Imminent Fear of Harm in Orders for Protection from Abuse

Threats alone are not typically enough to warrant the issuance of a Protection from Abuse Order (PFA).  There must be either a history of provable physical abuse or an immanent fear of harm.   In Realmuto v. Regalbuto, 2014 Pa. Super. Unpub. LEXIS 3085, the parties were in the middle of a contentious divorce.  The wife retained possession of the marital home.  The husband contacted the wife in order to obtain possessions from inside the home and during the telephone call became angry and stated: “I should have beat [you] during [our] marriage, and I want to punch you in your mouth.”  The wife thereafter filed for a PFA.  The trial Court determined that this statement alone was not enough to meet the burden under the PFA statute in the Commonwealth of Pennsylvania. 

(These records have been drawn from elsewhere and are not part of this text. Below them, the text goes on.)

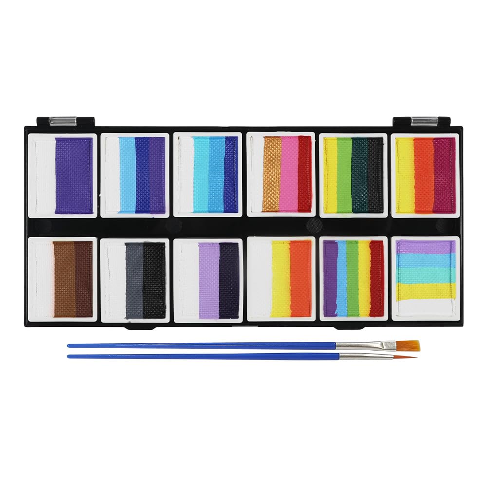 - 🌸【12 Color Rainbow Cake Paint Palette】 This is 12 x 10gram professional split cake, each lattice can be taken out separately to be more convenient to use, the pigment has high coverage, will not fall off and crack after painting on the skin. The water based face painting kit is easy to set up at an event, easy for beginner or professional painter to create variety patterns, perfect for bringing fun and color to any party.
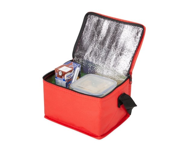 Bolsa térmica em TNT impermeável, fechamento em zíper e capacidade máxima para até 5 litros. Possui revestimento térmico em alumínio e alça fixa em nylon.
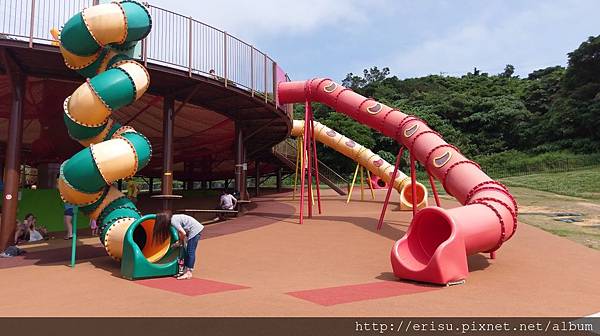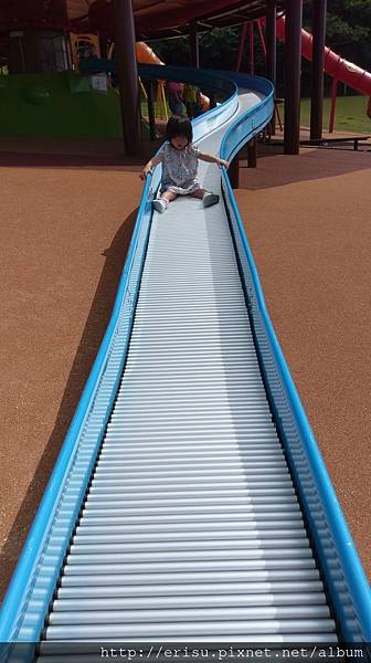 溜滑梯很特別,是滾輪式的,和台灣常見的不一樣。

23 Pa. C.S. §6102(a)(2) requires that the perpetrator of the abusive act muse place the victim in reasonable fear of imminent serious bodily injury.  The Court focused on the reasonable fear of serious bodily injury in the case.  They remarked that the husband made his remarks over the phone – so there was distance between them – which made the alleged threat one that was not imminent.  Further the husband had made the statements in anger – with no history of any violent behavior against the wife.  In fact, there was no record of the husband ever making any threats of violent behavior during the marriage or separation.  The lack of reasonableness of wife’s fear was enhanced by the fact that after the alleged threats, the husband had left the home and had not contacted the wife again.  Given these circumstances the court found that the wife could not reasonably have believed that she was in imminent danger of harm.  Thus, her petition for PFA was dismissed by the trial court.